__Data listing__
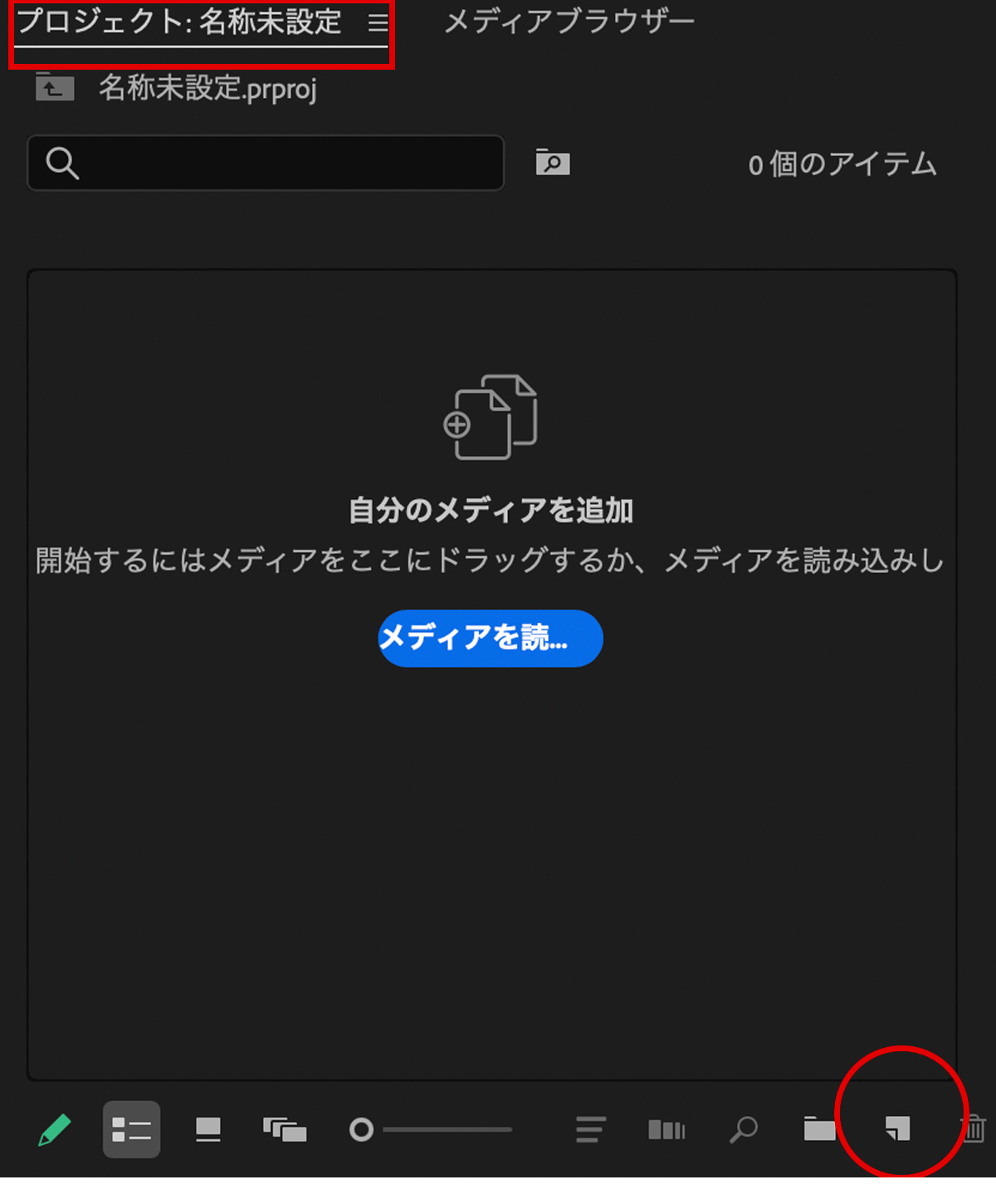 新規シーケンスは、プロジェクトパネルの下のフォルダとゴミ箱の間のアイコンをクリックするして作る。
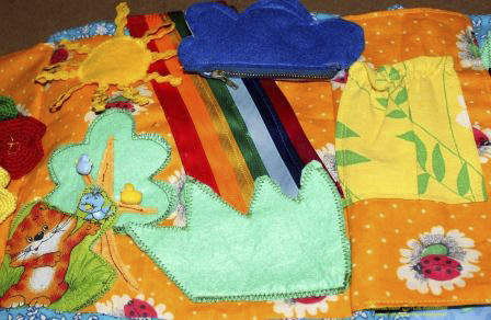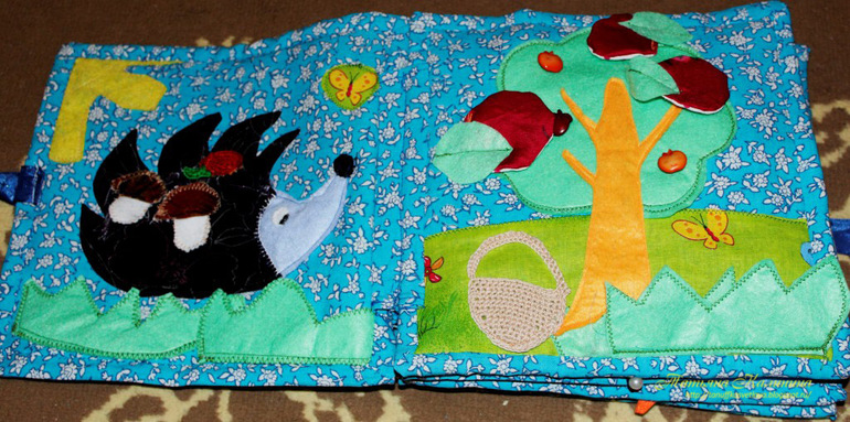 Всем привет!Девушки, долго я любовалась вашими чудесными книжечками и все таки отважилась сшить ее. Прошу не судите строго, развивающей эту книжку можно назвать не только для малыша но и для меня, так как я только учусь шить. Получилась немного криво, но я правда очень старалась. Идеи конечно же подсмотрела тут, какие то взяла из книжки Воскресенкой Ирины, что то сама придумала.
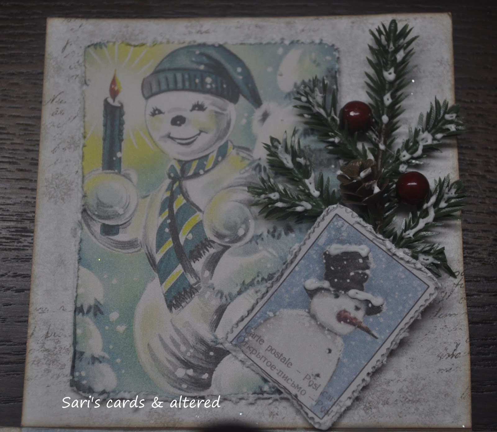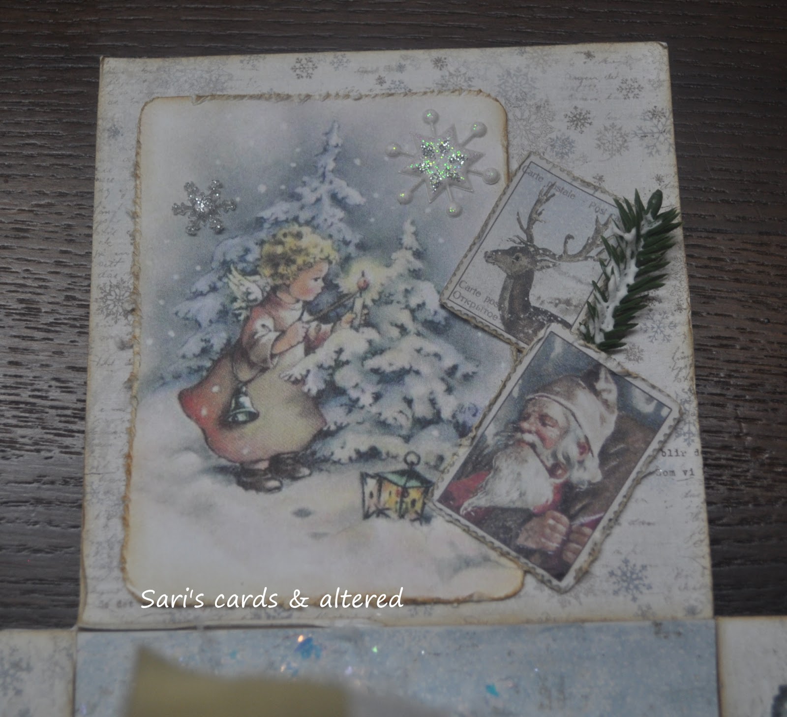 Toivottavasti kaikki voitte hyvin! Tänään mulla on explosion box teille. Useimmiten kun teen näitä, niin teen ne mini albumeiksi, lisäämällä sisälle "sivuja". Tästä tein joulu tervehdys laatikon... kannen päälle laitoin pikkuisen vihertävää ja marjoja, joittenka päälle laitoin "lunta" siihen käytin (Snow paste) Sitten kun avaa laatikon (nostaa kannen) niin se "hajoaa" ja esille tulee kaikki sivut. leikkasin erillaisia joulukuvia ja pikkuisen koristeita sivuihin.
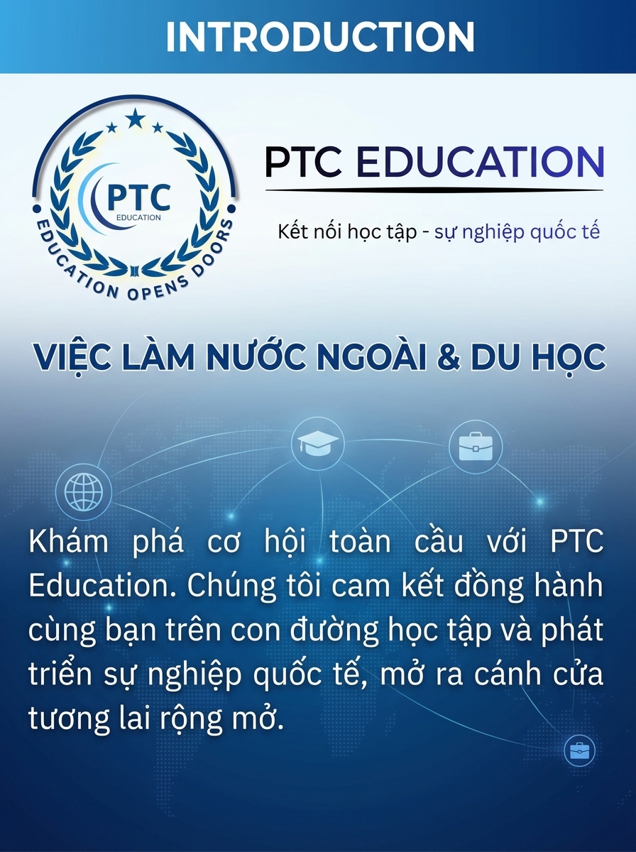 “Khám phá nền giáo dục hàng đầu châu Á với chi phí tối ưu. PTC Education liên kết trực tiếp với mạng lưới các trường Đại học Top đầu Hàn Quốc, hỗ trợ học viên từ khâu chọn trường, luyện phỏng vấn đến khi ổn định cuộc sống tại nước bạn.”
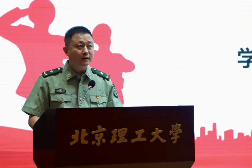 杨帆代表校党委讲话。他首先向全体带队干部致以诚挚的问候。他明确指出:要从强国必先强军、军强才能国安,传承北理工延安根、铸牢新时代军工魂,立好理想信念压舱石、讲好学生开篇第一课等三个方面充分认识军训的重要意义。他强调,全体带队干部一定要从以下四个方面作出更大努力。一是提高政治站位、深化思想认识,要找准职能定位,把深刻认识转化为积极行动;二是强化思想引领、践行立德树人,要把落实思想政治教育、抓好国防教育和贯彻素质教育融为一体;三是认真履职尽责、强化责任担当,要勇于担责,迎难而上,时刻以高标准要求自己;四是要强化人文关怀、筑牢安全底线,要关心关注同学们各类情况,及时发现并解决问题,一切“以学生为中心”,扎实做好双领人才培养工作。
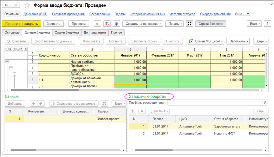 Расчет и планирование зависимых статей в соответствии с заданной структурой происходит в документах «Форма ввода бюджета» и «Бюджетная операция» одновременно с вводом исходной статьи. Это относится к зависимым оборотам, правила для которых заданы документами "Установка зависимых оборотов" с видом операции "Зависимые обороты".
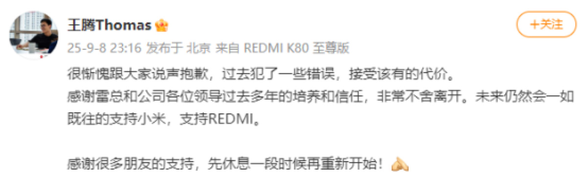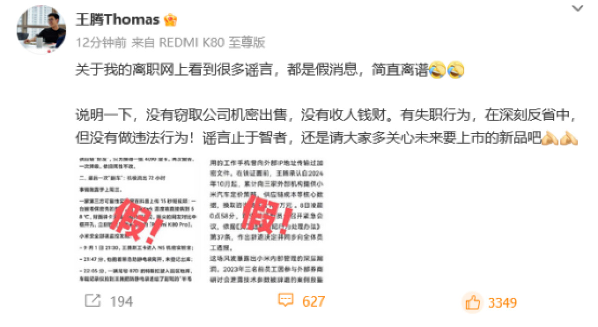 9月9日上午,王腾在个人微博账号发文辟谣了关于自己离职原因的相关谣言。

__What the exercise asks__
Although the material contains pictures, only the lines are to be written out, exactly as they stand.

__Completed task__
 新規シーケンスは、プロジェクトパネルの下のフォルダとゴミ箱の間のアイコンをクリックするして作る。
 Всем привет!Девушки, долго я любовалась вашими чудесными книжечками и все таки отважилась сшить ее. Прошу не судите строго, развивающей эту книжку можно назвать не только для малыша но и для меня, так как я только учусь шить. Получилась немного криво, но я правда очень старалась. Идеи конечно же подсмотрела тут, какие то взяла из книжки Воскресенкой Ирины, что то сама придумала.
 Toivottavasti kaikki voitte hyvin! Tänään mulla on explosion box teille. Useimmiten kun teen näitä, niin teen ne mini albumeiksi, lisäämällä sisälle "sivuja". Tästä tein joulu tervehdys laatikon... kannen päälle laitoin pikkuisen vihertävää ja marjoja, joittenka päälle laitoin "lunta" siihen käytin (Snow paste) Sitten kun avaa laatikon (nostaa kannen) niin se "hajoaa" ja esille tulee kaikki sivut. leikkasin erillaisia joulukuvia ja pikkuisen koristeita sivuihin.
 “Khám phá nền giáo dục hàng đầu châu Á với chi phí tối ưu. PTC Education liên kết trực tiếp với mạng lưới các trường Đại học Top đầu Hàn Quốc, hỗ trợ học viên từ khâu chọn trường, luyện phỏng vấn đến khi ổn định cuộc sống tại nước bạn.”
 杨帆代表校党委讲话。他首先向全体带队干部致以诚挚的问候。他明确指出:要从强国必先强军、军强才能国安,传承北理工延安根、铸牢新时代军工魂,立好理想信念压舱石、讲好学生开篇第一课等三个方面充分认识军训的重要意义。他强调,全体带队干部一定要从以下四个方面作出更大努力。一是提高政治站位、深化思想认识,要找准职能定位,把深刻认识转化为积极行动;二是强化思想引领、践行立德树人,要把落实思想政治教育、抓好国防教育和贯彻素质教育融为一体;三是认真履职尽责、强化责任担当,要勇于担责,迎难而上,时刻以高标准要求自己;四是要强化人文关怀、筑牢安全底线,要关心关注同学们各类情况,及时发现并解决问题,一切“以学生为中心”,扎实做好双领人才培养工作。
 Расчет и планирование зависимых статей в соответствии с заданной структурой происходит в документах «Форма ввода бюджета» и «Бюджетная операция» одновременно с вводом исходной статьи. Это относится к зависимым оборотам, правила для которых заданы документами "Установка зависимых оборотов" с видом операции "Зависимые обороты".
 9月9日上午,王腾在个人微博账号发文辟谣了关于自己离职原因的相关谣言。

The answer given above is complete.